The head of a U.K. radio industry group urged the govt. last week to set a date for switching all analog radio to digital. Speaking at a monthly company seminar, GWR Group Exec. Chmn. Ralph Bernard, who also chairs the Digital Radio Development Bureau (DRDB), said digital radio was so successful in the U.K. that the govt. should begin planning for it to replace analog signals. He called on the govt. to allocate new digital spectrum coming available in the next few years to digital audio broadcasting (DAB) and asked broadcasters to use the spectrum to fill in “white spaces” in the country where digital radio wasn’t available.
Citing a growing threat to public service broadcasting (PSB) across Europe, a Council of Europe (CoE) panel called on govts. to commit to strong, independent PSB and bring it into the Internet age. A report last week by the CoE’s Committee on Culture, Science & Education said PSB’s future was under attack by political and economic forces, growing competition from commercial media, media concentration, financial problems and the challenge of adapting to globalization and new technologies. The report is to be debated at the Parliamentary Assembly beginning Mon.

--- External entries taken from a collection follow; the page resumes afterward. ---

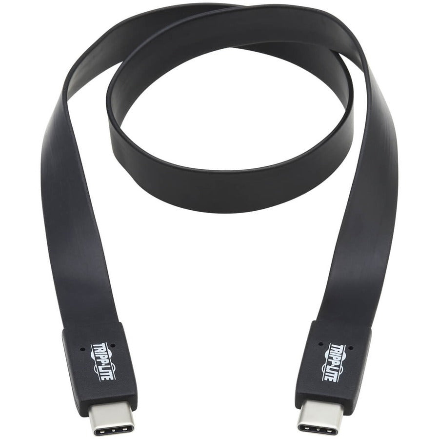 Tripp Lite USB C Cable Flat USB 3.1 Gen2 10Gbps M/M Thunderbolt 3 Black 3ft
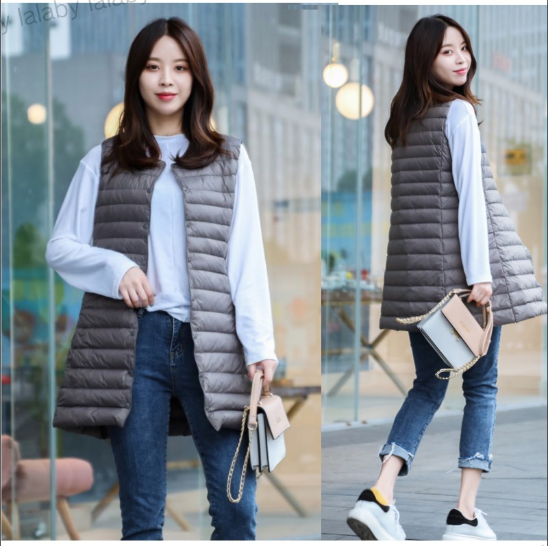秋新作 ダウンロングベスト インナーダウンベスト 品質90%ダウン ウルトラライトダウン ダウンジャケット 体型カバー レディース 暖かい 防寒 軽量 収納袋付 5color
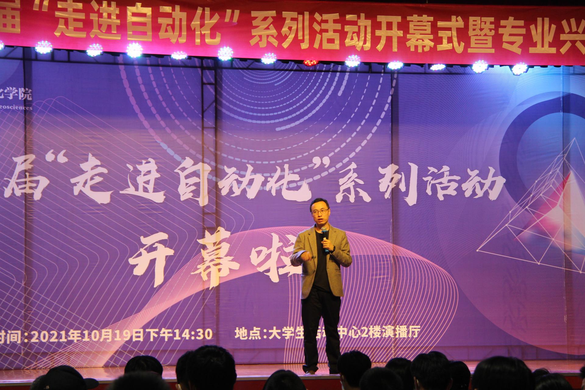 接着,他分析了自动化与人工智能融合发展趋势,以及自动化技术在应用领域的优势,并展示了课程体系图与测控技术与仪器专业设置、知识体系图。最后,他向同学介绍了专业的未来方向,并希望同学们成为更优秀的人。
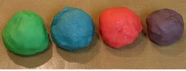 Divida a massa em algumas partes. Em cada parte coloque uma colher de sopa de tinta guache diluída em um pouco de água (em cada parte uma cor diferente). Amasse até a tinta estar espalhada igualmente.
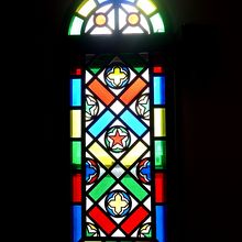 内部は見事なこうもり天井に幾何学的なステンドグラス
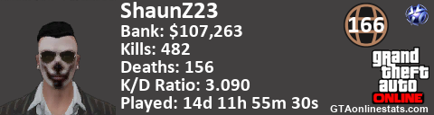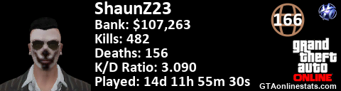 <a href="http://GTAonlinestats.com/showplayer/ShaunZ23"><img src="http://GTAonlinestats.com/signature/ShaunZ23/sig.png" alt="ShaunZ23" border="0" /></a>
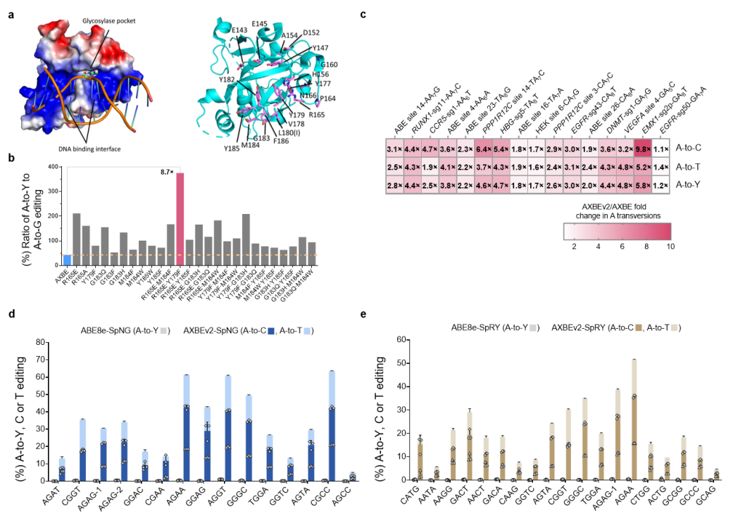 为增加腺嘌呤颠换编辑效率并拓展靶向范围,基于结构导向的理性设计和筛选鉴定出mAAG中的两个关键突变(mAAG-EF)极大提高对其底物肌苷切除的活性,基于此产生的AXBEv2介导更高效的A到Y编辑,甚至在非YAR-motif位点的颠换突变也显著提升,因此有效改善了颠换编辑的序列背景选择性。此外,mAAG-EF也可以兼容PAM识别更广的其他Cas9变体(如spNG, spRY),表明了可以广泛地靶向基因组,扩大应用范围。
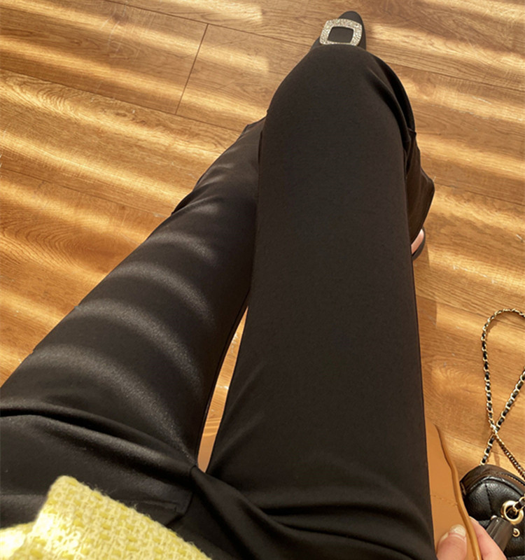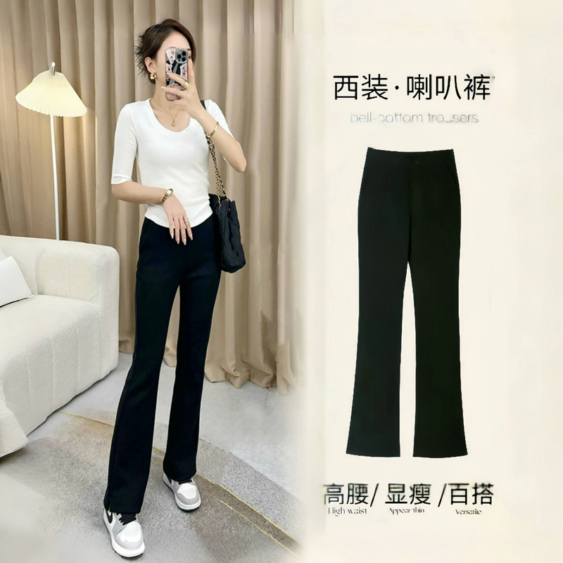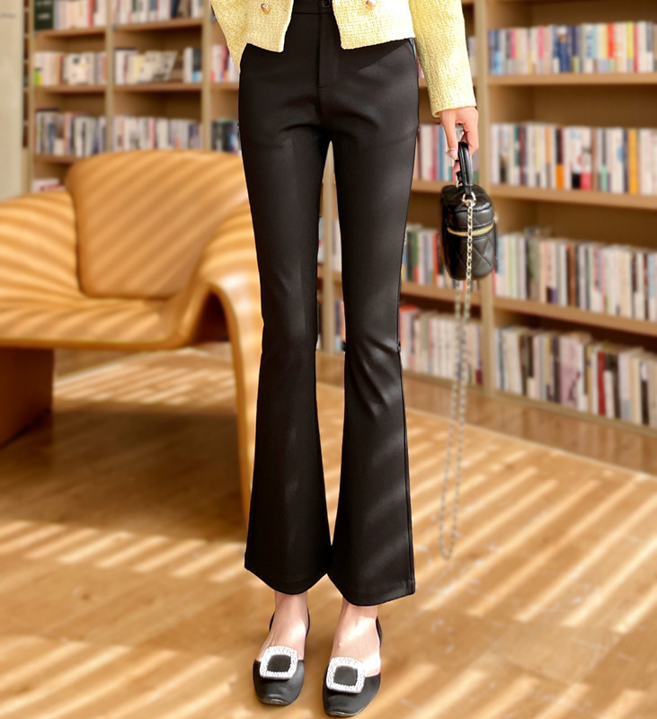 微喇叭裤女九分秋冬黑色高腰显瘦修身薄绒休闲小阔腿西装微喇裤子

Six U.K. mobile phone operators Mon. unveiled a plan to shield children from pedophiles by preventing them from using adult online services. The code of practice -- developed by Orange, O2, T-Mobile, Virgin Mobile, Vodafone and 3 -- would bar children under 18 from several kinds of commercial content, including online gambling, mobile gaming, chat rooms and Internet access. However, the companies said, it wouldn’t cover traditional premium rate voice or texting services, which were regulated under a separate code of practice. Under the code: (1) Mobile operators would appoint an independent classification body to craft guidelines for classifying commercial content unsuitable for customers under 18. (2) Commercial content providers would have to self-classify as “18” all materials unsuitable for children under 18. (3) Each mobile operator would put such content behind access controls such as subscription-only services and PIN-controlled access, making it available only to customers verified as over 18. (4) Operators would put access controls on all commercial content chat rooms unless they were moderated. (5) Operators would advise parents and children on new mobile devices and services. Because mobile operators have no control over content offered online, they said, they would offer parents ways to filter their Internet access services to seek to block content approximately equivalent to commercial content with an 18 rating. Operators said they would work with law enforcement agencies on reporting content that might violate criminal laws. The code of practice reportedly was developed after consultation with U.K. children’s charities. Late last week, the Children’s Charities’ Coalition for Internet Safety (CHIS) applauded the code but said the “devil is, however, in the detail.” The charities are “anxious to see how the code will be implemented and its effects monitored and reviewed,” CHIS said. The code will make “many people ask why, if the mobile people can do it, the fixed Internet people can’t,” CHIS said. The group called on ISPs to follow mobile operators’ lead “as a matter of urgency.” The Internet Services Providers’ Assn. U.K. hadn’t returned a call seeking comment by our deadline.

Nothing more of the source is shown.